Freeze and when you have enough, make Cornish pasties. Or pigs-in-blankets, using smallish sausages or free-range beef hot dogs, cut into thirds, and wrapped 1 1/2 times with 1-inch strips, which you've painted (side facing in) lightly with stone ground mustard before wrapping baking.
I do exactly what betteirene does. Or you could sprinkle the dough with guyere cheese and bake. For my blue cheese crust this week, I combined all the scraps, rolled them out into a rectangle and sliced long strips about 1/2" wide with a sharp knife. With each strip, I pressed one end onto a cookie sheet, twisted the dough carefully a few times along its length, and pressed the other end onto the sheet. I popped into the freezer for 15 minutes or so (so it would hold it's shape during baking) and then baked them off for fancy little savory cookies to go with some of Oui, Chef's red pepper soup.
During the pastry unit in culinary school (one of the happiest periods of my life), we tossed our scraps with sugar & cinnamon, pressed them together and baked them in muffin tins to make something a bit like monkey bread or bakers' muffins (more on those at this blog: http://bit.ly/9xLPaH).

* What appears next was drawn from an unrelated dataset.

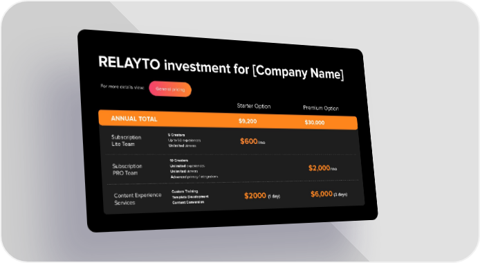 RELAYTO investment for [Company Name] For more details view: General pricing Starter Option Premium Option ANNUAL TOTAL $9,200 $30,000 5 Creators Subscription Up to 50 experiences $600/mo Lite Team Unlimited viewers 10 Creators Unlimited experiences Subscription $2,000/mo Unlimited viewers PRO Team Advanced privacy / integrations Custom Training Content Experience Template Development $2000 (1 day) $6,000 (3 days) Services Content Conversion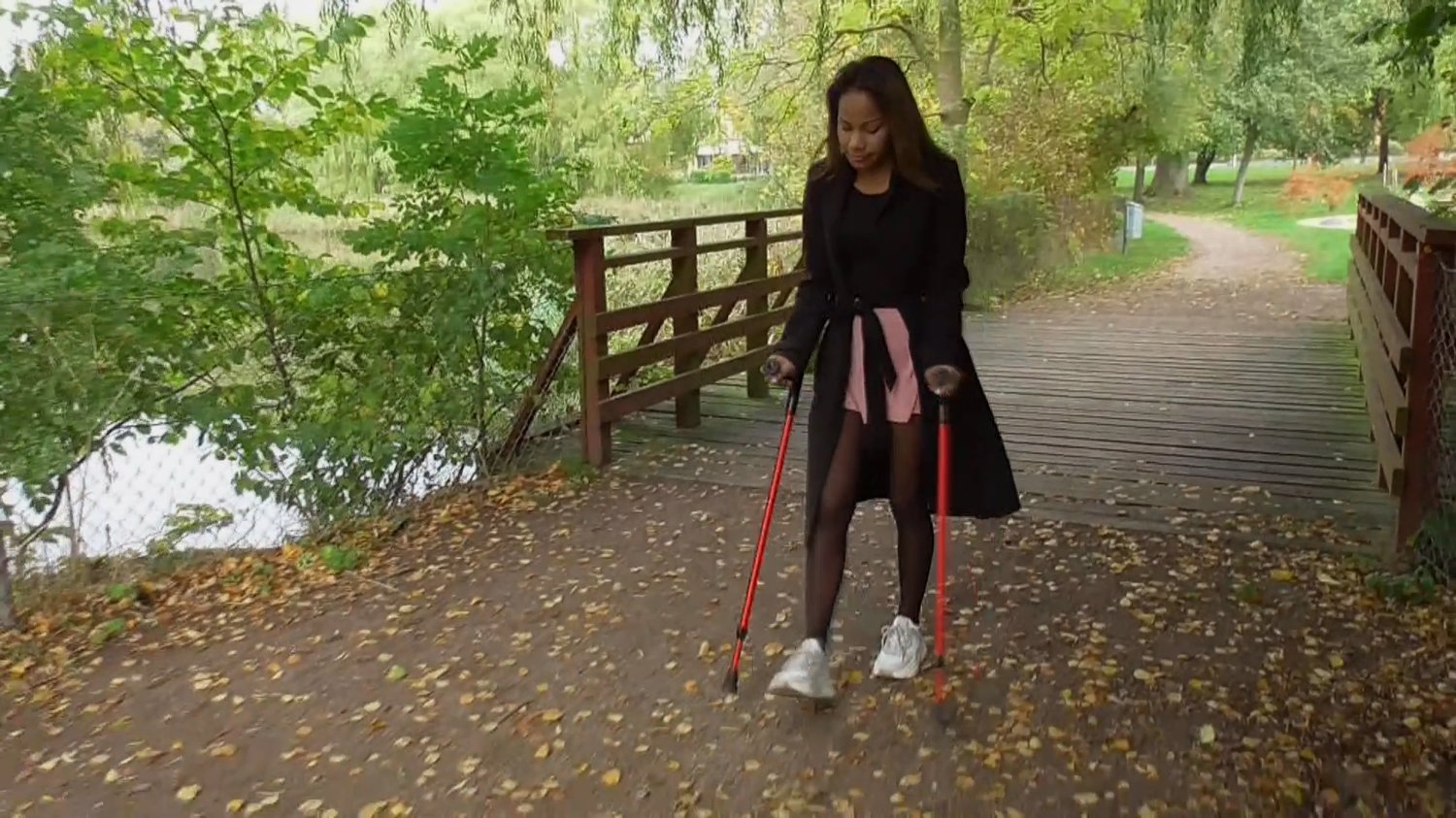 Elina is finally free from her cast but that doesn't mean she's completely healthy again.Now she has to train her muscles and the easiest way for her is to walk around with the help of her crutches.However, Elina is worried that her injury will get worse when she feels pain so she decides to crutching nwb again

Workin' on this week's contest, are you? Roll out the dough, cut into strips, sprinkle with cinnamon sugar, bake, serve with hot tea (for me) or apple juice and make the grandkids really happy. I just got done doing this. Unfortunately, the pie I made for dessert is a milk chocolate cream, which I don't think counts as an autumn pie, even though we all know that chocolate knows no season.